Младший протянул было руку за деньгами, но приятель остановил его.
– Синьора, – сказал он с деланной серьезностью, – мы честные люди и не берем денег за работу, которую не в состоянии выполнить. Теперь, когда кот знает, что вы хотите увезти его из Рима, он никому не дастся в руки. Увы, синьора, заставить его ехать в Бостон выше наших сил.
Где-то вверху еще раз сверкнули изумрудные зрачки. Казалось, что теперь кот смеется. Подняв хвост трубой, он прыгал с камня на камень, пока не исчез среди развалин.
Два друга почтительно поклонились туристам.
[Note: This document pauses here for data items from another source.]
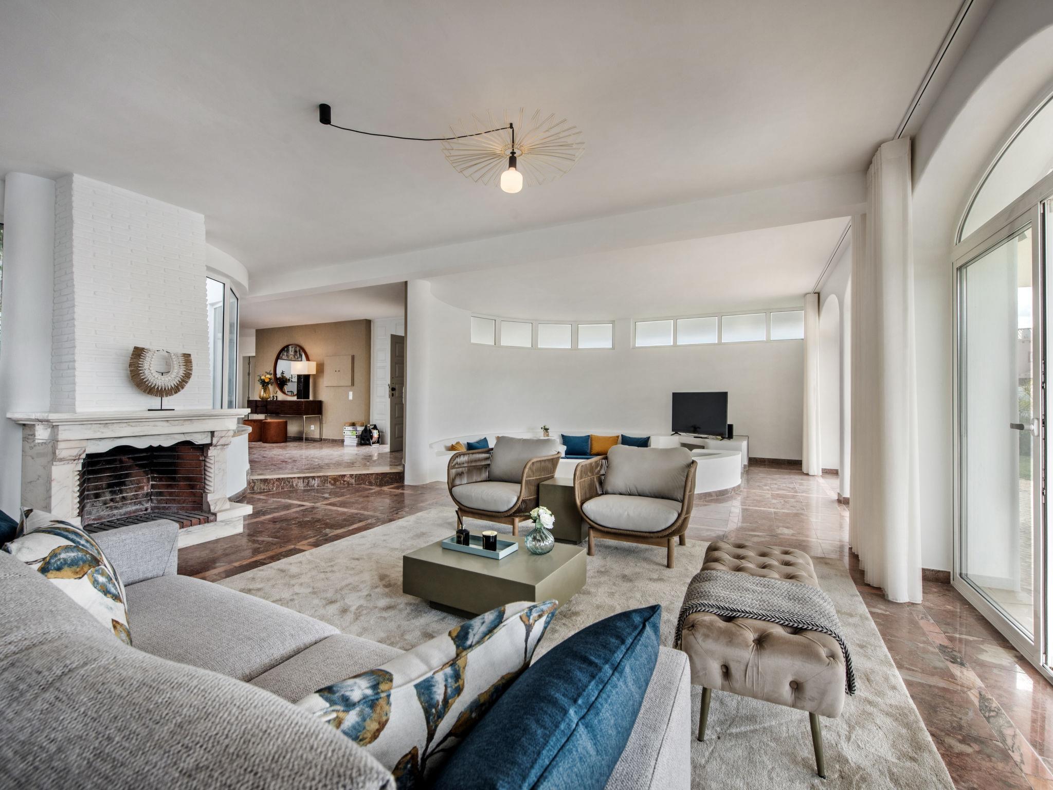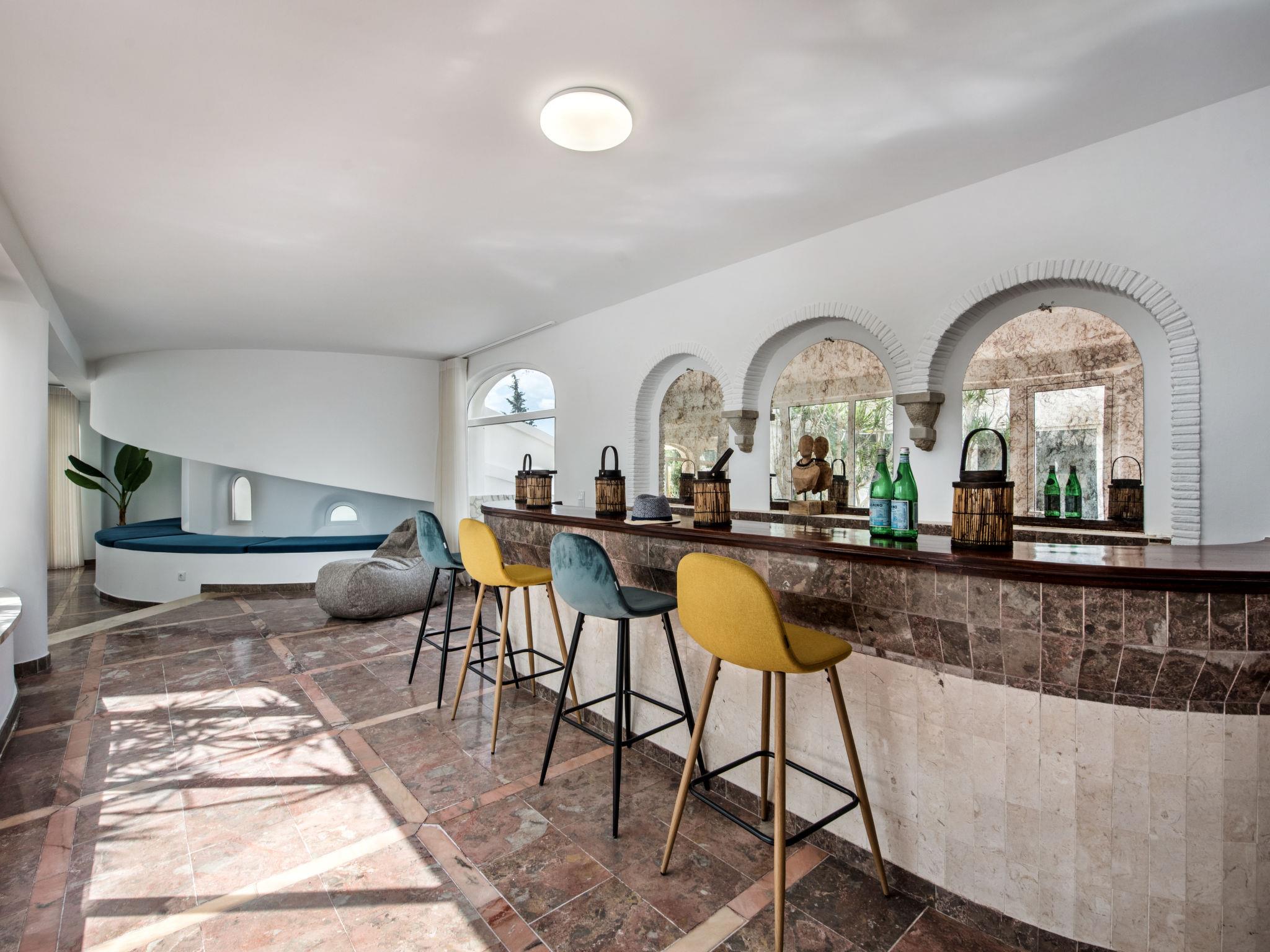 "Aladdin - VIP Properties", 6-room villa 523 m2 on 2 levels. Very modern and cosy furnishings: living room with dining table and cable TV (flat screen), air conditioning and forced-air heating. Exit to the terrace. Studio, window onto the living room with 2 beds (90 cm, length 200 cm), shower/WC and cable TV (flat screen), air conditioning and forced-air heating. Exit to the terrace, to the patio. Kitchen (dishwasher, 4 ceramic glass hob hotplates, toaster, kettle, microwave, freezer, electric coffee machine). Sep. WC. Upper floor: 1 room with 2 beds (90 cm, length 200 cm), shower/WC, air conditioning and forced-air heating. 1 room with 3 beds (90 cm, length 200 cm), shower/WC, air conditioning and forced-air heating. 1 room with 1 french bed (180 cm, length 200 cm), shower/WC, air conditioning and forced-air heating. 1 room with 1 french bed (180 cm, length 200 cm), shower/WC, air conditioning and forced-air heating. Large garden, lawn, porch. Deck chairs (8), sitting area. View of the swimming pool and the garden. Facilities: washing machine, iron, children's high chair, baby cot for up to 2 year olds (extra), hair dryer. Internet (WiFi, free). Please note: suitable for families. Non-smoking house. Fire extinguisher, no lift. 150782/AL
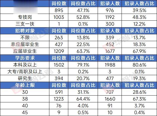 在今年招录的1899个岗位中,以工程师、财务会计和卫生保健员等为代表的专技岗居多,招录人数为1192人,占总人数约52.8%,同比减少13%。党务、人事、行政等管理岗共招976人(不含“三支一扶”岗位),约占总人数的39.2%,相较去年的1200人,缩减幅度近20%。此外,“三支一扶”岗位共计招录300人,相较去年小幅缩招。
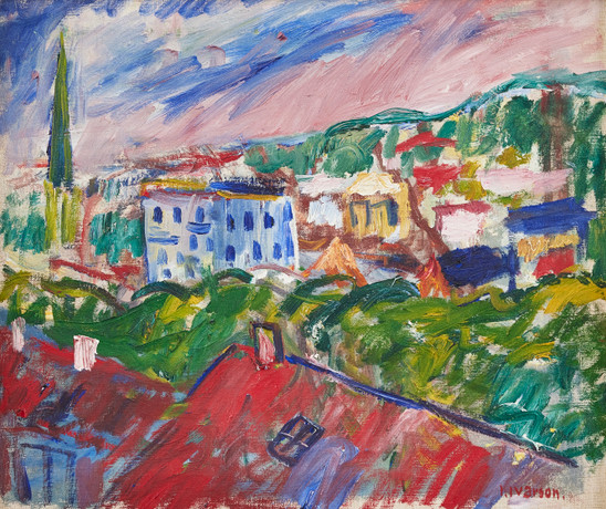 STIG JONZON. View of Gynge Öland, oil on canvas, signed and dated 1973.
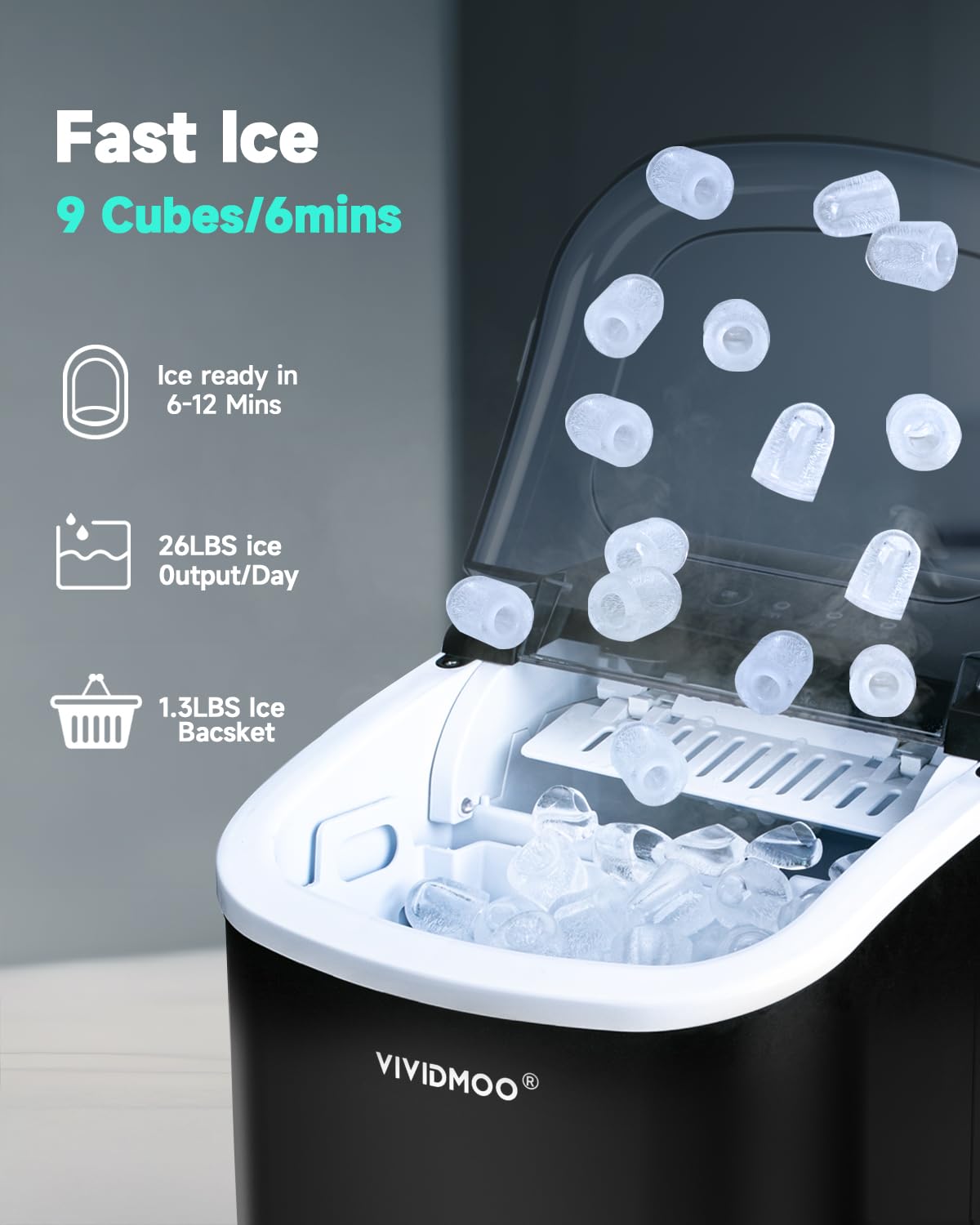 6-Minute Fast Ice Making And Ultra Quiet Operation: Vividmoo ice maker produces the first batch of bullet shaped ice cubes in 6 minutes. Equipped with a 1.2L water tank and a powerful compressor, the daily ice making capacity reaches 26 pounds and the ice storage capacity is 1.3 pounds. The operating noise is below 45 decibels, quiet and not disturbing.
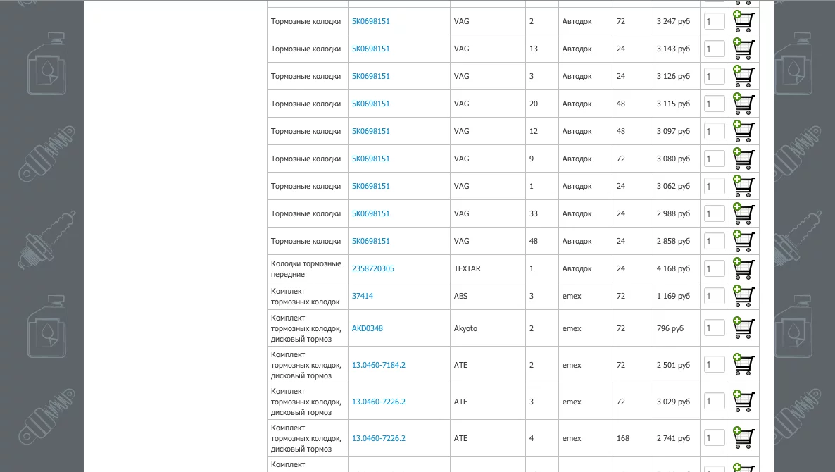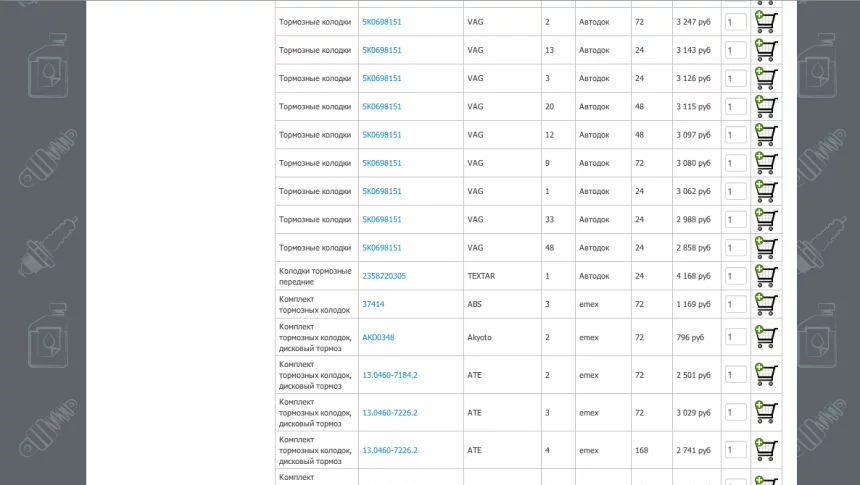 Подключение поиска автозапчастей с сторонних сайтов:
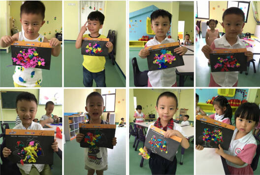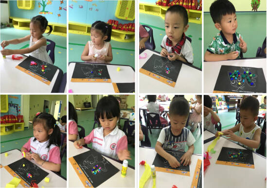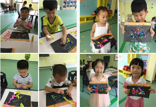 寶貝們用斯帖、揉貼等方式裝飾小烏鴉,小朋友們在裝飾過程中相互幫助,不爭不搶,秩序井然。都很愿意在活動中大膽展示,去實現小烏鴉要變美的愿望。瞧!孩子們的作品完成了,多自豪多開心呀!
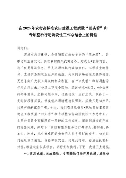 【七哥公文】2025年:在2025年农村高标准农田建设工程质量“回头看”和专项整治行动阶段性工作总结会上的讲话+更多免费公文+VX:QiGeGongWen2024
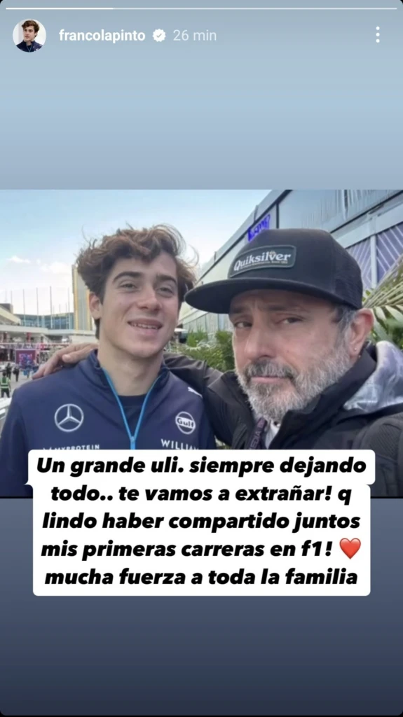 Al ser un habitué en cada una de las carreras, Colapinto le decidió un sentido mensaje en sus redes sociales. Afectado notoriamente por su fallecimiento, que fue confirmado este sábado 29 de marzo, su mensaje no pasó por alto
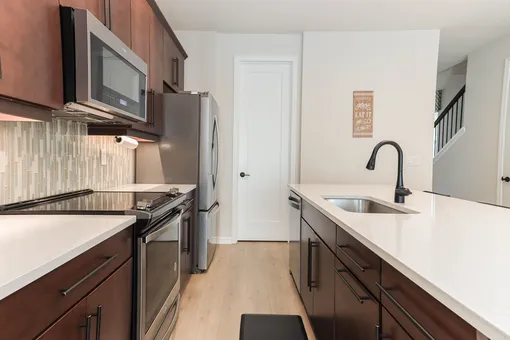 Лучше всего создавать на кухне открытую планировку со светлыми шкафами, которые отражают свет. К тому же, минималистические гарнитуры усиливают естественное освещение и создают ощущение более открытого пространства.
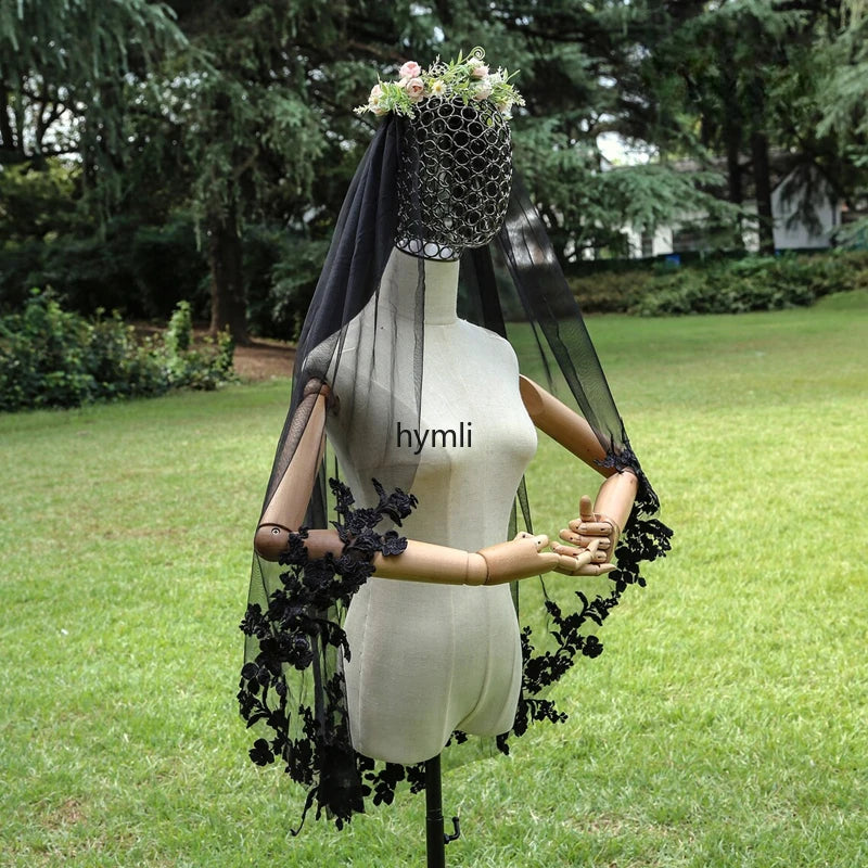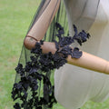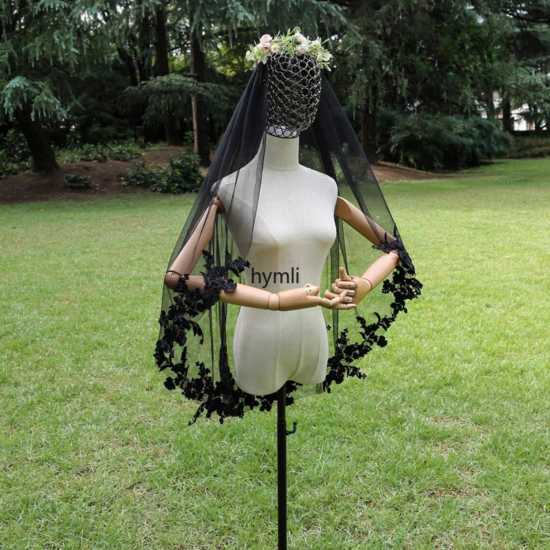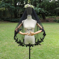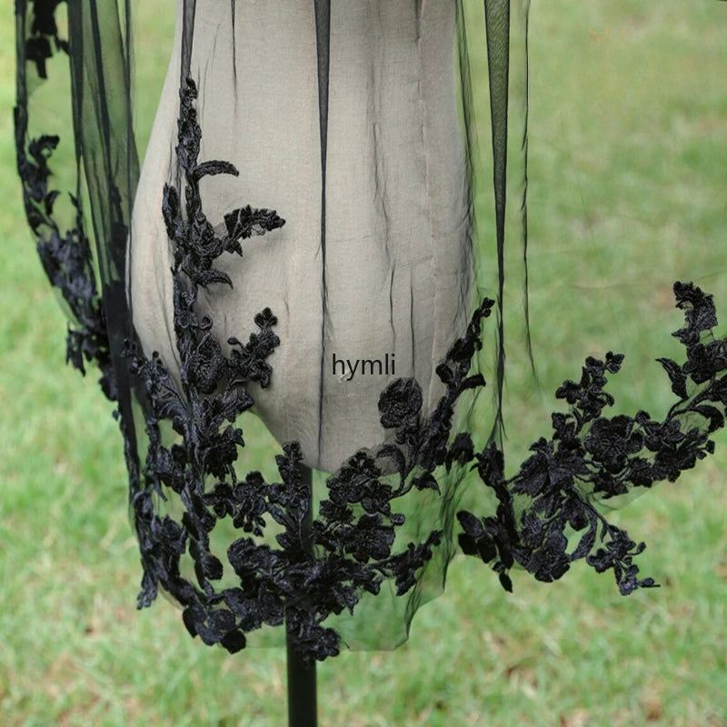 1 Layer Bridal Veil with Black Lace Applique Wedding Dress Fingertip Black Wedding Veil

Затем они покинули Колизей, унося с собой деньги, лояльно заработанные ими на предприятии «туристской промышленности», единственной, что не знает в Италии кризиса и упадка.
Накупив в бакалейной лавке всякой всячины, друзья свернули в близлежащий переулок, где у порога ветхого дома их поджидал серый кот. Завидя парней, он облизнулся и заглянул им в руки.
– Ладно, ладно, получи свою долю! – улыбнувшись, сказал старший и бросил коту большой кусок колбасы.
Крупный проигрыш
Уже пятый день крыша стокгольмского «Эйс-стадионе» вставала дыбом от хоровых упражнений тихих, солидных, дисциплинированных шведов. На льду, который не таял только потому, что он был искусственный, шли горячие хоккейные бои. Клюшки ломались, как спички, и, несмотря на это, советские хоккеисты упорно приближались к золотым медалям.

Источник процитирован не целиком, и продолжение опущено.